T24 - Yunan basını, tüm göstergelerin hükümetin bütçe açığını kapatma çerçevesinde AB-Uluslararası Para Fonu (IMF) destek mekanizmasını faaliyete geçirmeye hazır olduğu ortaya koydukları değerlendirmesinde bulundu. Basın, "IMF'nin dişleri arasına sürükleniyoruz" yorumunda bulundu.
Basın-yayın organları, kar peşinde koşanların Yunan tahvillerine şiddetli saldırıları sonrasında ülke ekonomisi açısından kritik gelişmeler yaşandığını, yarın ise AB Komisyonu, Avrupa Merkez Bankası ve IMF yetkililerinin temaslarda bulunmak üzere Atina'ya ulaşmalarının beklendiğini duyurdular.
Medya, söz konusu IMF yetkililerinin, hükümetten 2010 içinde başta emeklilik yaşının uzatılması olmak üzere kamu sektöründe ek önlemlerin alınmasını da talep edeceklerini ileri sürdü.
''Başvurudan sonra her şey değişecek'' başlığını kullanan Kathimerini gazetesi, IMF, Avrupa Merkez Bankası ve Komisyon'un Atina'dan sigorta alanında 2010 içinde ek önlemler alınmasını isteyeceğini yazdı.
Gazete, Yunanistan Başbakanı ve Dışişleri Bakanı Yorgo Papandreu'nun tüm diplomatik temaslarına ve çabalarına rağmen ''Yunan ekonomisinin piyasalarla mücadelesinde başarılı olmadığını'' belirterek, önümüzdeki yakın dönem içinde kurtarma paketine resmen başvurulacağının açıklanacağını kaydetti.
Haberde, Yunan ekonomisinin yarından itibaren IMF, Komisyon ve Avrupa Merkez Bankası'nın merceği altında bulunacağı ve alınan tüm sert önlemlere rağmen bütçe gelirinde büyük açık bulunduğu belirtildi.
To Vima gazetesi ''Kemerleri sıkın yarın IMF geliyor'' başlıklı haberinde, Atina'nın yarından itibaren AB destek mekanizmasının çalıştırılması için sert müzakerelere başlayaçağını kaydetti.
Haberde, yabancı piyasaların Atina'ya kredilerini kısıtladıkları ve sadece mekanizmaya başvurulması halinde tavır değiştirecekleri de belirtildi.
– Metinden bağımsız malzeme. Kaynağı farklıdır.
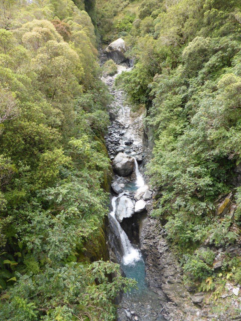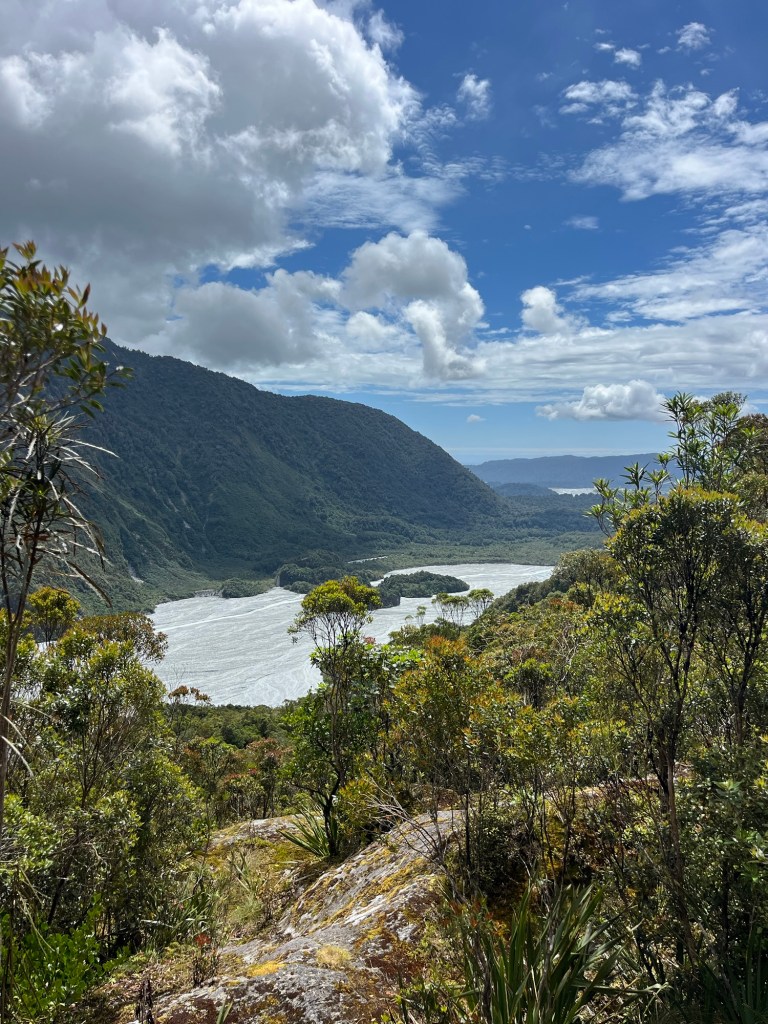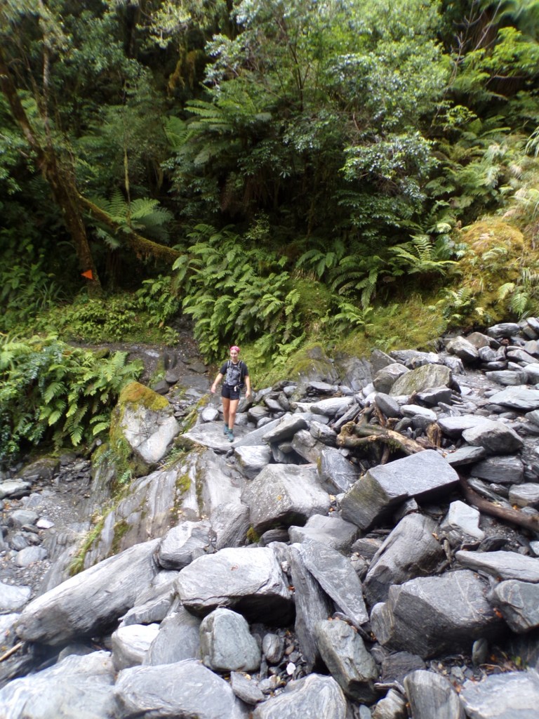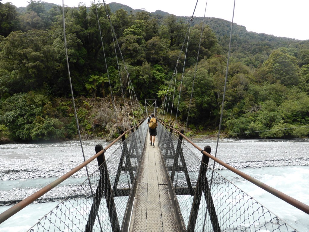 At the very end of the second kilometre you reach the Douglas bridge which crosses over the Waiho river. This is the official start of the Robert Point track and where the easy part of the walk ends I’m afraid! This kilometer took us 20 minutes, including breaks to stop and admire the views of course.

Elefterotipiya gazetesi ise ''Özel sektör ameliyathanede'' başlıklı haberinde, Yunan ekonomisinin çıkmazda bulunduğunu ve yarından itibaren özel sektörün de müzakere masasında bulunacağı yorumunu yaptı.
Gazete, troykanın dosyasında devlet harcamalarının kısıtlanması, KDV'nin arttırılması ve emeklilik yaşının yükseltilmesini öngören ek önlemlerin bulunduğunu savunurken, hükümetin ise 2010 yılı içinde başka önlemler alınmayacağını açıklaması dolayısıyla zor durumda bulunduğunu yazdı.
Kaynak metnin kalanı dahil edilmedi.